La peste sévissait alors à Ascona; cette considération n'était pas de nature à refroidir son zèle: il se rend au nouveau séminaire, y établit le directeur, donne des règlements; mais la fièvre redoublant ses efforts il repart dans la nuit pour Cannobbio, dans l'espérance de pouvoir arriver à Milan pour la fête de tous les saints. Il s'était arrêté un instant à Locarno, la peste y faisait aussi de terribles ravages. Les habitants avaient créé un nouveau cimetière pour y ensevelir les victimes nombreuses de la contagion; S. Charles avait d'abord, conçu la pensée de le bénir; mais quand on lui dit qu'il n'avait point tous ses ornements pontificaux, il préféra ne pas donner à la population cette marque d'intérêt, plutôt que de manquer à la dignité des cérémonies ecclésiastiques.

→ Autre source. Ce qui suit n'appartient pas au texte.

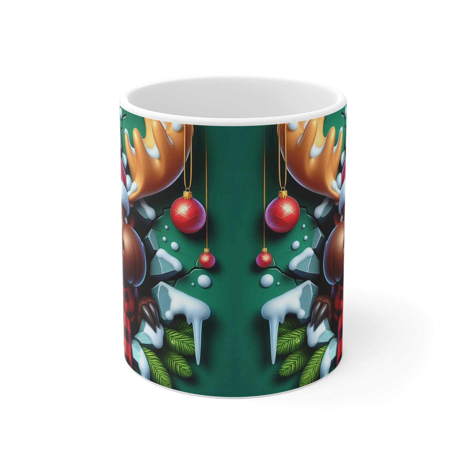 Tasse Élan de Noël – Mug Hiver Festif Sucre d’Orge & Bonnet Rouge – Cadeau Original 325ml

Quand il arriva à Cannobbio, la fièvre était sur son déclin; elle lui avait laissé une si grande faiblesse qu'il ne put atteindre la maison du prévôt où il devait reposer. Il céda aux instances de ses familiers, qui lui conseillèrent d'accepter l'hospitalité de Jacques Homacini dont la maison, située sur la rive même du lac, offrait tous les avantages désirables. Octavien de Forreris et Archange Mirabilia purent, non sans peine, l'amener à accepter un matelas sur sa couche. Il ne put dormir; il fit alors venir deux pères Capucins avec lesquels il passa la nuit dans de pieux discours, dont les principaux sujets furent les vertus et les actions de leur séraphique père, François d'Assise. La conversation ayant été amenée sur le pape Pie V, le cardinal en fit un grand éloge et il déclara qu'il était remarquable par son extraordinaire sainteté. La nuit se passa ainsi; quand le jour parut, le saint voulut célébrer la messe, les bons religieux cherchèrent à l'en dissuader, l'assurant que ses forces ne le lui permettraient pas : « Et cependant, reprit-il, Pie V, de sainte mémoire, se sentant près de sa mort, voulut néanmoins se lever et visiter les sept églises de Rome! »

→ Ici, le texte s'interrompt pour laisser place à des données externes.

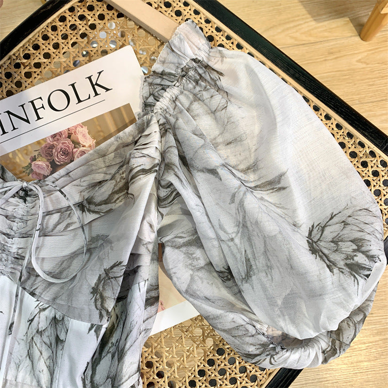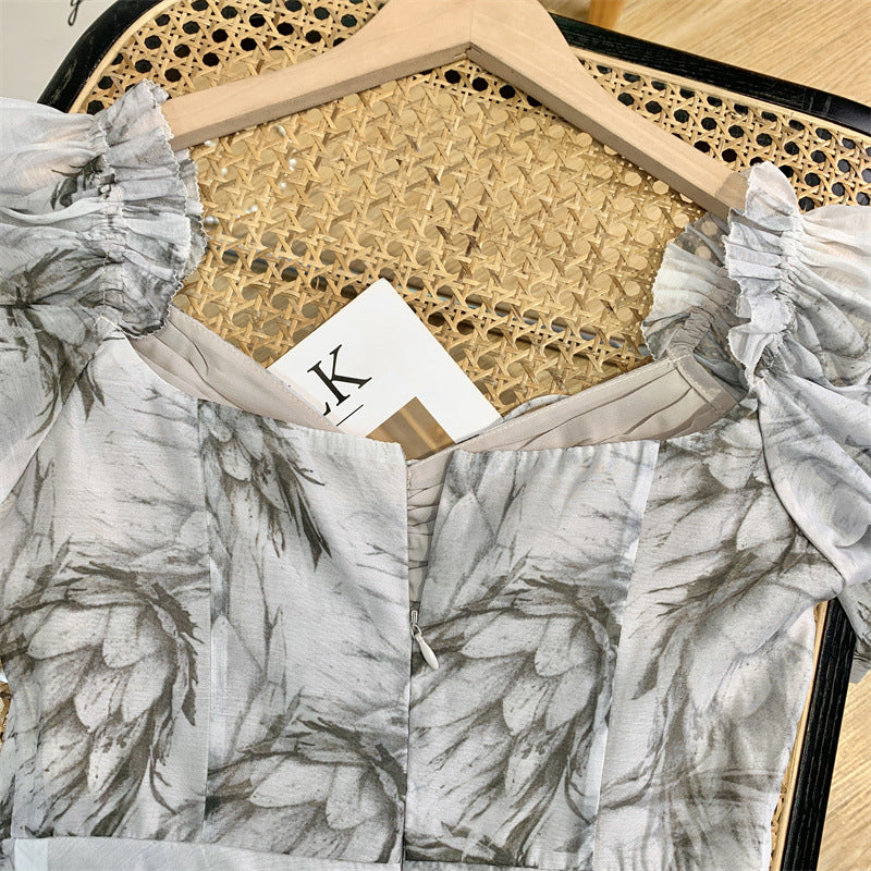 Ink print dress. Cut with a square neck halter neck and fitted waist. it's a flowy dress full of fairy.

Le cardinal monta au saint autel; il ne pouvait ni fléchir le genou, ni se relever sans le secours de ses assistants. Ce jour-là, il prit pour toute nourriture quelques gouttes d'eau, à laquelle on avait ajouté un peu de jus de citron; il avait voulu observer ainsi le jeûne de la vigile de la fête de tous les Saints. Il reprit en barque la route d'Arona, récita sur le bateau toutes ses prières à genoux, puis s'étant assis, il adressa à tous ceux qui l'entouraient un ardent discours sur les mérites des saints. Il se prosterna ensuite de nouveau pendant une heure pour faire oraison, et il sollicita chacun de ses compagnons à rendre compte des lumières que Dieu leur avait accordées dans la méditation. Comme dernier et suprême témoignage de son affection envers les habitants de la Rhétie, il désigna, pour la vallée de Mesolcina, plusieurs missionnaires parmi ses prêtres. Il donna à Octavien de Forreris des lettres pour les seigneurs de cette vallée et il lui ordonna de partir, le lendemain matin, pour la vallée de Capriasca où il devrait presser quatre habitants de rentrer dans le sein de l'Église dont ils étaient sortis. II lui recommanda surtout d'inspirer au peuple une grande crainte des censures ecclésiastiques, II expédia plusieurs affaires moins importantes et, vers le soir, avant de débarquer à Arona, il fit réciter les prières du soir auxquelles il ajouta les litanies, selon le rite romain, afin de fournir aux rameurs l'occasion de faire quelque prière.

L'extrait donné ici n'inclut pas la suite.